You can set the prime word to _any word_ in our dictionary, but it's best to start with a name for generating a TV script. (You can also start with any other names you find in the original text file!)

In [18]:
# run the cell multiple times to get different results!
gen_length = 400 # modify the length to your preference
prime_word = 'jerry' # name for starting the script

"""
DON'T MODIFY ANYTHING IN THIS CELL THAT IS BELOW THIS LINE
"""
pad_word = helper.SPECIAL_WORDS['PADDING']
generated_script = generate(trained_rnn, vocab_to_int[prime_word + ':'], int_to_vocab, token_dict, vocab_to_int[pad_word], gen_length)
print(generated_script)



jerry: brandes cooling footnote:. writer's knowwork footnote: kroft) pitched

jerry: hello?

kramer: hey, you gotta get the cash, you want to be honest with that man, you got.

morty: what do you mean?

helen: it's not that guy.

george: oh, i got it.

jerry: i don't know how you can do that.

morty: i don't know, i'm so sorry.

chiles: help me!

kramer: hey, i got a lot of static. poor i was there.

elaine: so, i got it.

george: i can't believe i was in the position with the way to talk about.

jerry: what?

elaine: well, i don't know.

jerry: why did you not?

helen: the sticks. they don't want to hear soup and she said that would have to be. i have been in this court, you're a cosmo he was in front of a restaurant tribe- the moors. we just want to get ready, but i would.

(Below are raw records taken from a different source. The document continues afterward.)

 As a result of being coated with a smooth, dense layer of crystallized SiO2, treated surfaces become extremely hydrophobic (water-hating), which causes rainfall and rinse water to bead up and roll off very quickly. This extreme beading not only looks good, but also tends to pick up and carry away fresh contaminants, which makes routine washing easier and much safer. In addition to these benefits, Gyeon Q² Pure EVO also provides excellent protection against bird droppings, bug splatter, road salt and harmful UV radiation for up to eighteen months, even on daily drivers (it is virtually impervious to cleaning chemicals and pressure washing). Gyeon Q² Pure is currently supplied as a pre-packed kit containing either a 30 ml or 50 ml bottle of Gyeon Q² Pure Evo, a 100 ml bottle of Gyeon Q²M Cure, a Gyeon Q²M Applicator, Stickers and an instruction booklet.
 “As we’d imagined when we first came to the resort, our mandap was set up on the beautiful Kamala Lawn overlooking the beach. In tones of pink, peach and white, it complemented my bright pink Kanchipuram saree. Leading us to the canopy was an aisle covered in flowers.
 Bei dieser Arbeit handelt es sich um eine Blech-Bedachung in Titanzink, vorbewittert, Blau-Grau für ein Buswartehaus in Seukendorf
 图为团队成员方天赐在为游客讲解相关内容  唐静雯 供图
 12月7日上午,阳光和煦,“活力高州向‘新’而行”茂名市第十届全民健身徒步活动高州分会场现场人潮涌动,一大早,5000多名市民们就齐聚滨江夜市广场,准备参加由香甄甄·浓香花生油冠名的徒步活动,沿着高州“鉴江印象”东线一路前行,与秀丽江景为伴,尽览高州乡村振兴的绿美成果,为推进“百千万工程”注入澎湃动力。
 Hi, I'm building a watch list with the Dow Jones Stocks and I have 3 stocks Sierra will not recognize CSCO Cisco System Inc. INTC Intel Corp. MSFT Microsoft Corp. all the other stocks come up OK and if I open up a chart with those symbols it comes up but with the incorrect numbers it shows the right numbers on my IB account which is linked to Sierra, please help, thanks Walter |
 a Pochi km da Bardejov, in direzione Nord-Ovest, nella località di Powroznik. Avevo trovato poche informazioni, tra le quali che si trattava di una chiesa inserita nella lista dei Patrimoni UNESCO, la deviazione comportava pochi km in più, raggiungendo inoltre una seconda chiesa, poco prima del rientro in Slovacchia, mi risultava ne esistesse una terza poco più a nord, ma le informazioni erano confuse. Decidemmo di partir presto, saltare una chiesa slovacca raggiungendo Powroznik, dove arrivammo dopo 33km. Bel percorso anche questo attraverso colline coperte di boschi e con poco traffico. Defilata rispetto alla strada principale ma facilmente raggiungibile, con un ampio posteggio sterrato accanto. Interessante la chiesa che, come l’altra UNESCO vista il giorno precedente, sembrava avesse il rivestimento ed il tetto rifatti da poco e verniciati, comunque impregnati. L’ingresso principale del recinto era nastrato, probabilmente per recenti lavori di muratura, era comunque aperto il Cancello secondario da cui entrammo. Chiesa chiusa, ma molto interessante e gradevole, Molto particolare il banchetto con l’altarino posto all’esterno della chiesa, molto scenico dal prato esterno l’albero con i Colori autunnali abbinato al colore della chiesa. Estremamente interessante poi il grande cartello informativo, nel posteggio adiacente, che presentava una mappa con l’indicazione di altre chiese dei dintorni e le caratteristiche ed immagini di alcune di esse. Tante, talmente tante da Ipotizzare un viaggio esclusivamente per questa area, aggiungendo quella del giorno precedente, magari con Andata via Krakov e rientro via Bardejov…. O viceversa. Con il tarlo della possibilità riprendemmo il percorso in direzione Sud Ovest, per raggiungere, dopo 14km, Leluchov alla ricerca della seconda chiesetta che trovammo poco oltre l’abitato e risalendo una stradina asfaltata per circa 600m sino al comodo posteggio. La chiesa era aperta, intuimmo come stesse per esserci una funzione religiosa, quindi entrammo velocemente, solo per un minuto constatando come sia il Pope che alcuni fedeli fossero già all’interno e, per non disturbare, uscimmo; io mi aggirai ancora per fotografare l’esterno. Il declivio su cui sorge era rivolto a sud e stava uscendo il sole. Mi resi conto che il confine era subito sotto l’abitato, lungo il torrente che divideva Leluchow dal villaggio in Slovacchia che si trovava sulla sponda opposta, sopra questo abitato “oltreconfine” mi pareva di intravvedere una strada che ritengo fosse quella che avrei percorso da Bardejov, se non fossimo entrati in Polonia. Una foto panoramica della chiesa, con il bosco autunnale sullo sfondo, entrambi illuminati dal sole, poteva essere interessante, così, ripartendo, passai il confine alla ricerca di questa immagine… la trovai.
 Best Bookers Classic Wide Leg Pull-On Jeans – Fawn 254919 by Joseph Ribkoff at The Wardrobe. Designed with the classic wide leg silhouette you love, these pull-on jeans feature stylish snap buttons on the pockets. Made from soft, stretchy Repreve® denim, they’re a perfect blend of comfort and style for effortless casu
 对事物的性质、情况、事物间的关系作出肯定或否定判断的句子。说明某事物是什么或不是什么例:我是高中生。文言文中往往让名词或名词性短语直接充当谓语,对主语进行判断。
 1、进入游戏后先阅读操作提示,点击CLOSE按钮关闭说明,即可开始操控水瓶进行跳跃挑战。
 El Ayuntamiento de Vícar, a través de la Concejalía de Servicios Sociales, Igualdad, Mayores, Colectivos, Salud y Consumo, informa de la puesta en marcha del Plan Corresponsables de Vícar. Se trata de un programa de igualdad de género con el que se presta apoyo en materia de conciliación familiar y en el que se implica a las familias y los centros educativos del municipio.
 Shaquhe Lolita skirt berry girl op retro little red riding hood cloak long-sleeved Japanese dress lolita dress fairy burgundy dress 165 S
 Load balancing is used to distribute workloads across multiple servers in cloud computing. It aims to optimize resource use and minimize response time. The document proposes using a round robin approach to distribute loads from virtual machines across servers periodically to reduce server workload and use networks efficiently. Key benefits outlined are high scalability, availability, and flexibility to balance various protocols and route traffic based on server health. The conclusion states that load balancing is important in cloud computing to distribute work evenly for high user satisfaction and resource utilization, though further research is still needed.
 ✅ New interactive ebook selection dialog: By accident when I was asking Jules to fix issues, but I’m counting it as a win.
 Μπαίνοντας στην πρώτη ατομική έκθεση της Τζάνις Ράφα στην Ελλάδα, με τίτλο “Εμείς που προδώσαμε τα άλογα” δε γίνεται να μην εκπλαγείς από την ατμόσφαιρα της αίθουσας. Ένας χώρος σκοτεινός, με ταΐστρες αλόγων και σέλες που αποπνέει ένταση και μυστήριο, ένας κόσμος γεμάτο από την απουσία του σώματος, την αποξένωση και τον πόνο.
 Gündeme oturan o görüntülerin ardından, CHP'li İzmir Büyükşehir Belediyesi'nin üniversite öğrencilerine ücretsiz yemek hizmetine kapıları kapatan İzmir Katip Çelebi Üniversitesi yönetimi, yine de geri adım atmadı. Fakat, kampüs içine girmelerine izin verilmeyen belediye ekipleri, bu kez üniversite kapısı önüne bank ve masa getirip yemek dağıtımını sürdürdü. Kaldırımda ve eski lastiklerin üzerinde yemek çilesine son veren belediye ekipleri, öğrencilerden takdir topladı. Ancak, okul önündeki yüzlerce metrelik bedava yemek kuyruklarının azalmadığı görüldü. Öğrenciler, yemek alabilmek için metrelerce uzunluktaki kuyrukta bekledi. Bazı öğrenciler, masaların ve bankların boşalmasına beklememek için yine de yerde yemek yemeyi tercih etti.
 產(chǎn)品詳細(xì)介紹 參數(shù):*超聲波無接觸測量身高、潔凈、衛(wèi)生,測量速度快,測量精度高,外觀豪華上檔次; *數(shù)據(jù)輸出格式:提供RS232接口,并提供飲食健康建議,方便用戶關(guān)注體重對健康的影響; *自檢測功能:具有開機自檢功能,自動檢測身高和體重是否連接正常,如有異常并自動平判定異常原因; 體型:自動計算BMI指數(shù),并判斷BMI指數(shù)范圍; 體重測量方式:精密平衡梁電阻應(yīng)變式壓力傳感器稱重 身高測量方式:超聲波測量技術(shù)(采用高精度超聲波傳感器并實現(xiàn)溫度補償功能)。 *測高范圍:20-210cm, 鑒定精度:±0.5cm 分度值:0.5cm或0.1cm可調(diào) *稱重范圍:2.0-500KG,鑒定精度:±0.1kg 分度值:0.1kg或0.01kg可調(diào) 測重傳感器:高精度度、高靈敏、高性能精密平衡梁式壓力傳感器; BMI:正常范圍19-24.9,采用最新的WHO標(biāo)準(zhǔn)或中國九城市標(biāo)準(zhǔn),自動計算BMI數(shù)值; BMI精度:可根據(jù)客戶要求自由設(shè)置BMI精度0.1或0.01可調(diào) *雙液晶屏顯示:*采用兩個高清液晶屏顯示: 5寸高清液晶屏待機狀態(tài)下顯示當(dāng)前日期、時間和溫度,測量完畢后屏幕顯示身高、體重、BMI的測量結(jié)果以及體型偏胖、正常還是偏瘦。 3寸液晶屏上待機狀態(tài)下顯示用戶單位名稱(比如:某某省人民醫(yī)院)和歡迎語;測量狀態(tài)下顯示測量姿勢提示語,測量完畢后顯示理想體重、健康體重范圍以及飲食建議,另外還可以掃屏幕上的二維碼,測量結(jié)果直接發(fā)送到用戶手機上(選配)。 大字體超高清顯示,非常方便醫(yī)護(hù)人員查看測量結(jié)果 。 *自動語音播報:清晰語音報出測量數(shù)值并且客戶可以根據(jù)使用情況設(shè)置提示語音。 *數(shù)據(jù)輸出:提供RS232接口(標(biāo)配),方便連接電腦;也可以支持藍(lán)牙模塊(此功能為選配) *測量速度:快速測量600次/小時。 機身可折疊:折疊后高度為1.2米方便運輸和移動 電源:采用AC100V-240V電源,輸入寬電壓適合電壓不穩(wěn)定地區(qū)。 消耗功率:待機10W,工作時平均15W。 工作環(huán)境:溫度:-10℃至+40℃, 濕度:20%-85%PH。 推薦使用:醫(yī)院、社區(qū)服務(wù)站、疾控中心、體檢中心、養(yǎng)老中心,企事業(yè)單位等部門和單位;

helen: george, i am, i'm gonna be.

george: jerry, i am so grateful for you to get the pound. i was with the of the.

george: i love this contest...

elaine: i think i have a pee party and they are.

kramer: you k

#### Save your favorite scripts

Once you have a script that you like (or find interesting), save it to a text file!

In [19]:
# save script to a text file
f =  open("generated_script_1.txt","w")
f.write(generated_script)
f.close()

# The TV Script is Not Perfect
It's ok if the TV script doesn't make perfect sense. It should look like alternating lines of dialogue, here is one such example of a few generated lines.

### Example generated script

>jerry: what about me?
>
>jerry: i don't have to wait.
>
>kramer:(to the sales table)
>
>elaine:(to jerry) hey, look at this, i'm a good doctor.
>
>newman:(to elaine) you think i have no idea of this...
>
>elaine: oh, you better take the phone, and he was a little nervous.
>
>kramer:(to the phone) hey, hey, jerry, i don't want to be a little bit.(to kramer and jerry) you can't.
>
>jerry: oh, yeah. i don't even know, i know.
>
>jerry:(to the phone) oh, i know.
>
>kramer:(laughing) you know...(to jerry) you don't know.

You can see that there are multiple characters that say (somewhat) complete sentences, but it doesn't have to be perfect! It takes quite a while to get good results, and often, you'll have to use a smaller vocabulary (and discard uncommon words), or get more data.  The Seinfeld dataset is about 3.4 MB, which is big enough for our purposes; for script generation you'll want more than 1 MB of text, generally. 

# Submitting This Project
When submitting this project, make sure to run all the cells before saving the notebook. Save the notebook file as "dlnd_tv_script_generation.ipynb" and save another copy as an HTML file by clicking "File" -> "Download as.."->"html". Include the "helper.py" and "problem_unittests.py" files in your submission. Once you download these files, compress them into one zip file for submission.